» **Exercise objective**: Output the lines of the listing below exactly, starting at the line containing "雨过天晴图 在留园五峰仙馆内" and stopping after the last line, with any pictures dropped.

» **Data section**:
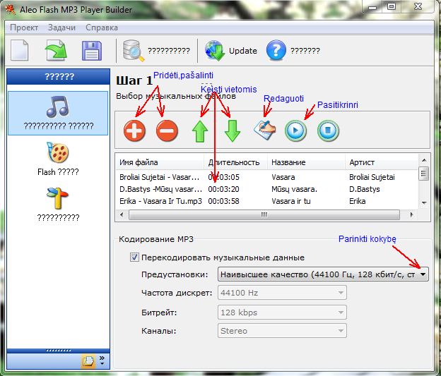 Playerių darymas Aleo Flash MP3 Player Builder programa
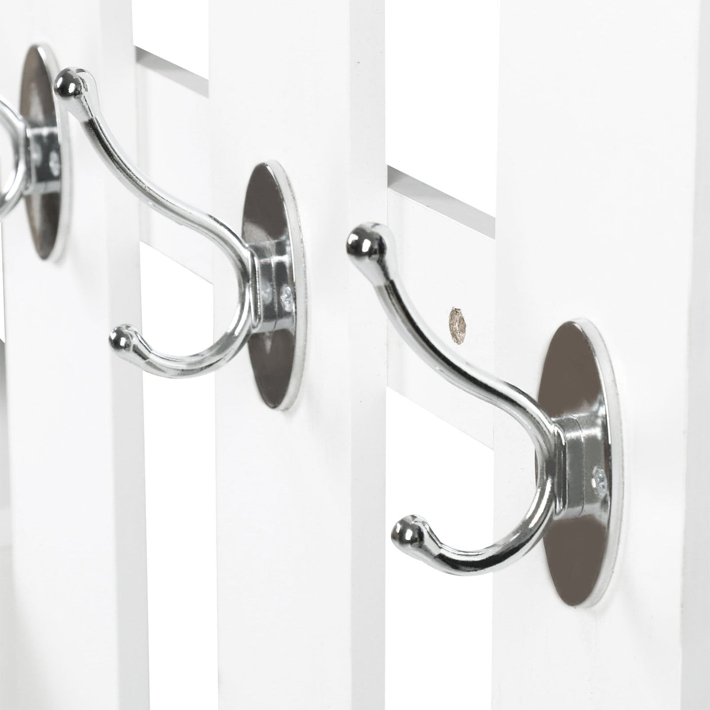 This Homcom show storage with wall hangers is a great solution by an entrance or hallway. The 3 in 1 systems offers everything you need, from a place to keep your shoes, a mirror to see your self before you leave and a wall hanger to keep your jackets and coats. Made from a particle board construction and lots of storage space, this design can live perfectly within any home and decor.
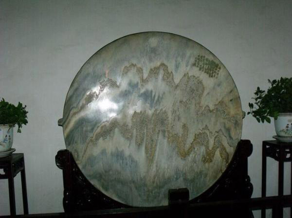 雨过天晴图 在留园五峰仙馆内,为大理石天然图画。石直径一米左右,厚度为15毫米,出产于云南点苍山山中。石表面中间部分隐隐约约群山环抱,悬壁重叠,下部流水潺潺,瀑布飞悬,上部流云婀娜,正中上方,一轮白白的圆斑,就像一轮太阳或者一轮明月,形成一幅自然山水画。图旁有梁谳集宋诗撰成的对联:“雨后静观山意思;风前闲看月精神。”出自北宋理学家邵雍的《安乐窝中酒一樽》。
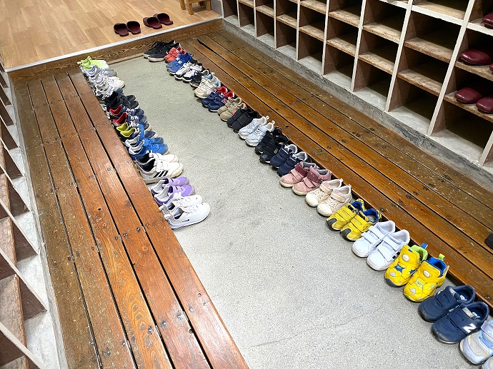 お誕生会の日に第三園舎に行くといつもお靴がきちんと揃っていてみんなはすでに会場の中。全学年共通で11月中に練習してきたお歌「こぎつね」をみんなで歌い園長先生からのお話があります。そしてお誕生月の子ども達は前に出て顔写真入りのフォトフレーム、クラスの先生からのお祝いメッセージカード、お誕生絵本をもらって前に並びます。

» **Solution for this problem**:
 雨过天晴图 在留园五峰仙馆内,为大理石天然图画。石直径一米左右,厚度为15毫米,出产于云南点苍山山中。石表面中间部分隐隐约约群山环抱,悬壁重叠,下部流水潺潺,瀑布飞悬,上部流云婀娜,正中上方,一轮白白的圆斑,就像一轮太阳或者一轮明月,形成一幅自然山水画。图旁有梁谳集宋诗撰成的对联:“雨后静观山意思;风前闲看月精神。”出自北宋理学家邵雍的《安乐窝中酒一樽》。
 お誕生会の日に第三園舎に行くといつもお靴がきちんと揃っていてみんなはすでに会場の中。全学年共通で11月中に練習してきたお歌「こぎつね」をみんなで歌い園長先生からのお話があります。そしてお誕生月の子ども達は前に出て顔写真入りのフォトフレーム、クラスの先生からのお祝いメッセージカード、お誕生絵本をもらって前に並びます。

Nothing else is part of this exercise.